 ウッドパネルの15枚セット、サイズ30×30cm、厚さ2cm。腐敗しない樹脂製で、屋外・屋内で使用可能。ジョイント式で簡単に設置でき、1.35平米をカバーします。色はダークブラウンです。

==

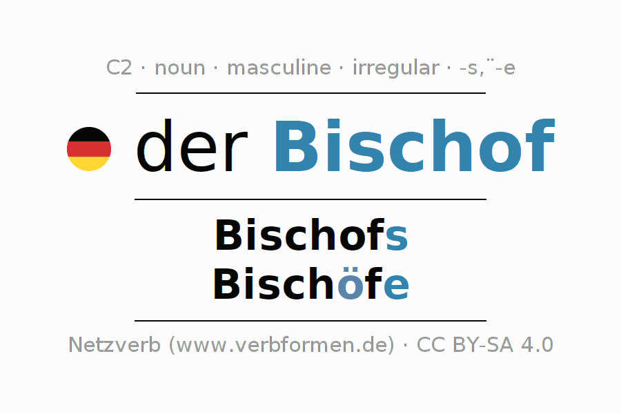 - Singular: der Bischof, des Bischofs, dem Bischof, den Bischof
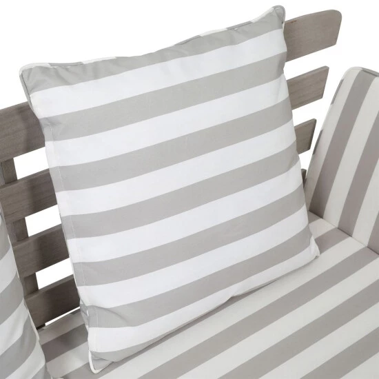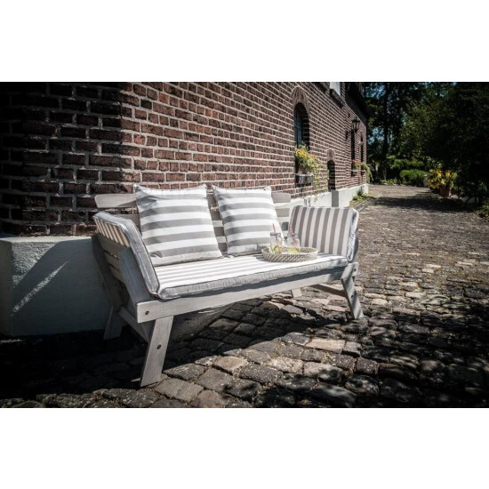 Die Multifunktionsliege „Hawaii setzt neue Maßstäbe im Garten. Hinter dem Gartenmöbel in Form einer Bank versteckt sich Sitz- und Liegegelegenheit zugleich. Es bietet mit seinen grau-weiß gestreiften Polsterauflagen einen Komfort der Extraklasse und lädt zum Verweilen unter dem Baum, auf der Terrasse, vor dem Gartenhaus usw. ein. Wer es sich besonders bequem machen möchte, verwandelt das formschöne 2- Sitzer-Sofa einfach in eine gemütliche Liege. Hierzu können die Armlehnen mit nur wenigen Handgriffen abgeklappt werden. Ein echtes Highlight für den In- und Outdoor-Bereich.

### Task instructions
The answer is the lines above from the one with "- Singular: der" to the one with "Die Multifunktionsliege „Hawaii", set down exactly, with no pictures.

### Answer to the exercise
 - Singular: der Bischof, des Bischofs, dem Bischof, den Bischof
 Die Multifunktionsliege „Hawaii setzt neue Maßstäbe im Garten. Hinter dem Gartenmöbel in Form einer Bank versteckt sich Sitz- und Liegegelegenheit zugleich. Es bietet mit seinen grau-weiß gestreiften Polsterauflagen einen Komfort der Extraklasse und lädt zum Verweilen unter dem Baum, auf der Terrasse, vor dem Gartenhaus usw. ein. Wer es sich besonders bequem machen möchte, verwandelt das formschöne 2- Sitzer-Sofa einfach in eine gemütliche Liege. Hierzu können die Armlehnen mit nur wenigen Handgriffen abgeklappt werden. Ein echtes Highlight für den In- und Outdoor-Bereich.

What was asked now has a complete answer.